*TASK BRIEF*:
Give the listing again word for word. Skip the pictures.

(RECORDED INFORMATION begins)

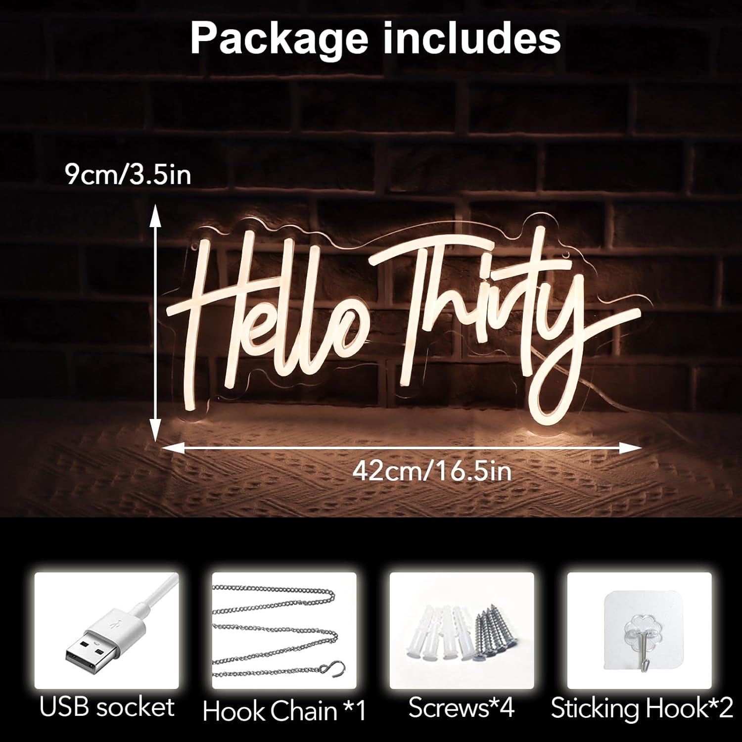 - 【Neon Light Data】--The size of the hello thirty LED logo is 42 x 9 cm/16.5 x 3.5 inches, equipped with a 150 cm/59 inch USB cable. The warm white 30th light packaging box also comes with a metal chain * 1 and expansion screws * 4. There are two pre drilled holes on the acrylic backboard for easy hanging. 30 birthday words Neon LED indicator light with 5V low voltage, an energy-saving choice for commercial and household use.
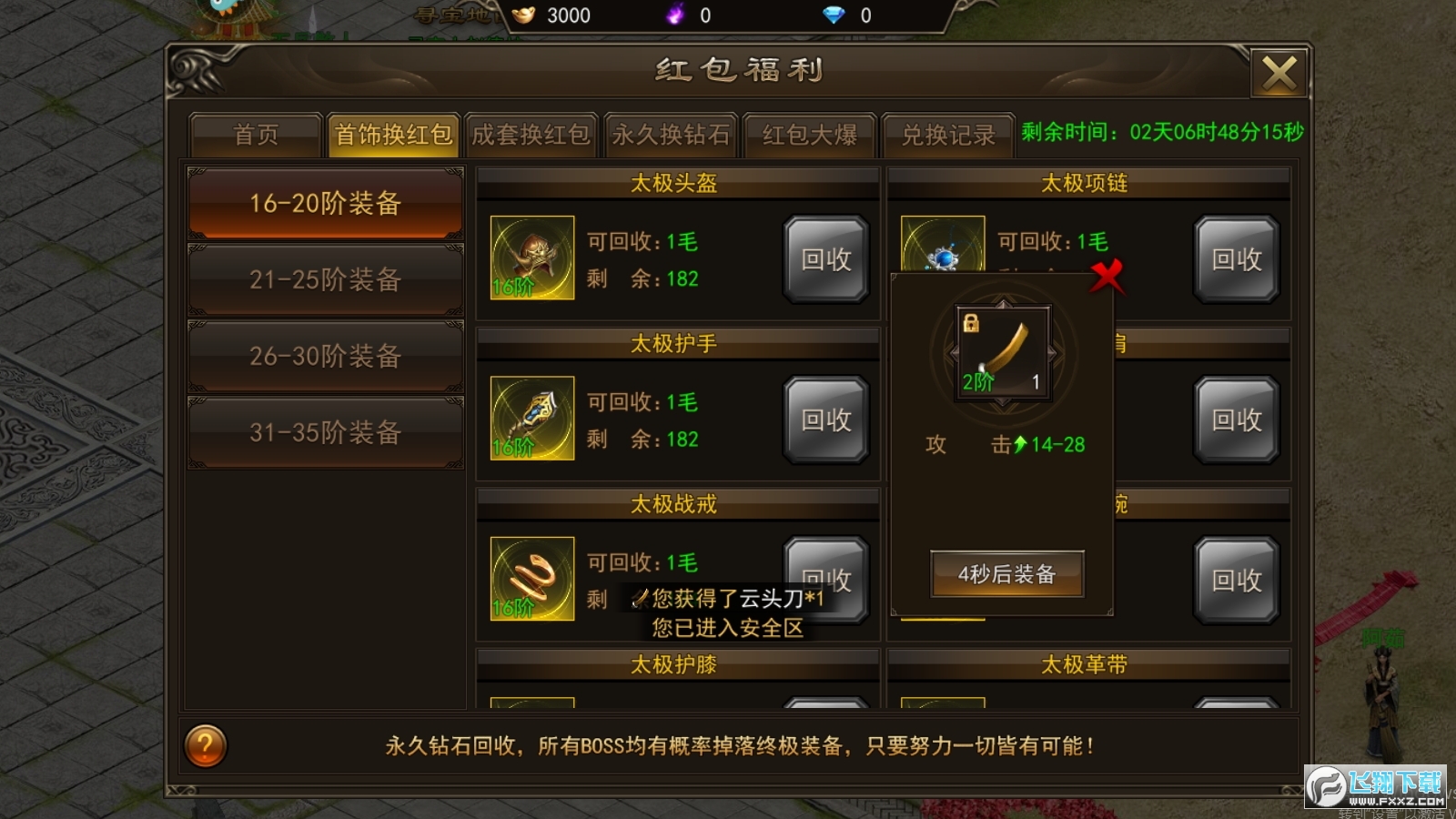 黄金特权每日可获得三次保底爆装福利,击杀妖将级以上boss必掉一件高阶装备,使用幸运药水还可以额外增加次数哦。
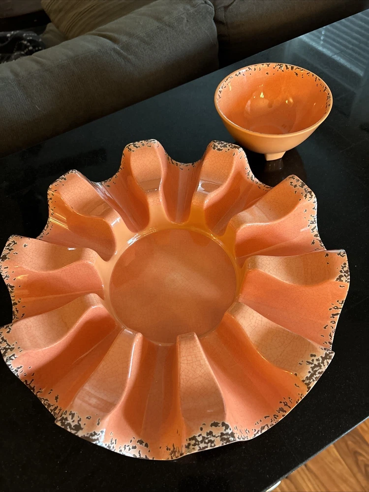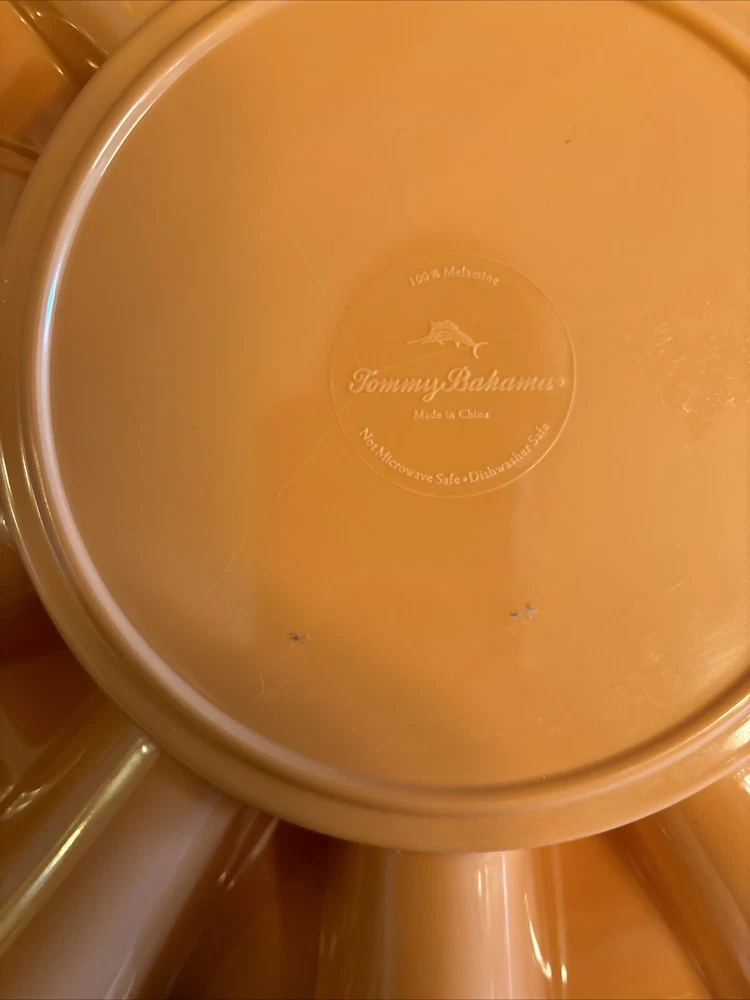 This Tommy Bahama serving tray is a must-have for any Mid Century Modern enthusiast. The round melamine tray features a vibrant coral color and a shiny finish that will add a pop of color to any table setting. With a diameter of 15 inches and a length of 12 inches, it is perfect for serving tacos, dips, or any other delicious Mexican cuisine. This is new without tags or box. The tray is machine washable and chip-resistant, making it durable and perfect for all occasions. It also features a compartment tray, making it easy to serve and transport different items. The Mexican theme is perfect for those who love to spice up their dining experience. This serving tray is made in China and is part of the Tommy Bahama collection.
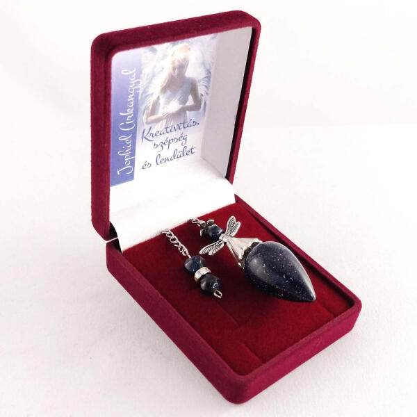 Jophiel Arkangyal csodás kék goldstone ásvány ingája, bársony díszdobozban, angyalszárnyakkal díszítve. Kreativitás, szépség és lendület. Tudtad, hogy ásvány ingáink nagy részét mi magunk tervezzük és készítjük ? Ennek a kék goldstone ásvány ingának a súlya kb. 16-18 gramm, az inga goldstone csepp alakú ásvány, díszített ásvány végzárral. Csodás kék, fémes

(RECORDED INFORMATION ends)

*WRITTEN SOLUTION*:
 - 【Neon Light Data】--The size of the hello thirty LED logo is 42 x 9 cm/16.5 x 3.5 inches, equipped with a 150 cm/59 inch USB cable. The warm white 30th light packaging box also comes with a metal chain * 1 and expansion screws * 4. There are two pre drilled holes on the acrylic backboard for easy hanging. 30 birthday words Neon LED indicator light with 5V low voltage, an energy-saving choice for commercial and household use.
 黄金特权每日可获得三次保底爆装福利,击杀妖将级以上boss必掉一件高阶装备,使用幸运药水还可以额外增加次数哦。
 This Tommy Bahama serving tray is a must-have for any Mid Century Modern enthusiast. The round melamine tray features a vibrant coral color and a shiny finish that will add a pop of color to any table setting. With a diameter of 15 inches and a length of 12 inches, it is perfect for serving tacos, dips, or any other delicious Mexican cuisine. This is new without tags or box. The tray is machine washable and chip-resistant, making it durable and perfect for all occasions. It also features a compartment tray, making it easy to serve and transport different items. The Mexican theme is perfect for those who love to spice up their dining experience. This serving tray is made in China and is part of the Tommy Bahama collection.
 Jophiel Arkangyal csodás kék goldstone ásvány ingája, bársony díszdobozban, angyalszárnyakkal díszítve. Kreativitás, szépség és lendület. Tudtad, hogy ásvány ingáink nagy részét mi magunk tervezzük és készítjük ? Ennek a kék goldstone ásvány ingának a súlya kb. 16-18 gramm, az inga goldstone csepp alakú ásvány, díszített ásvány végzárral. Csodás kék, fémes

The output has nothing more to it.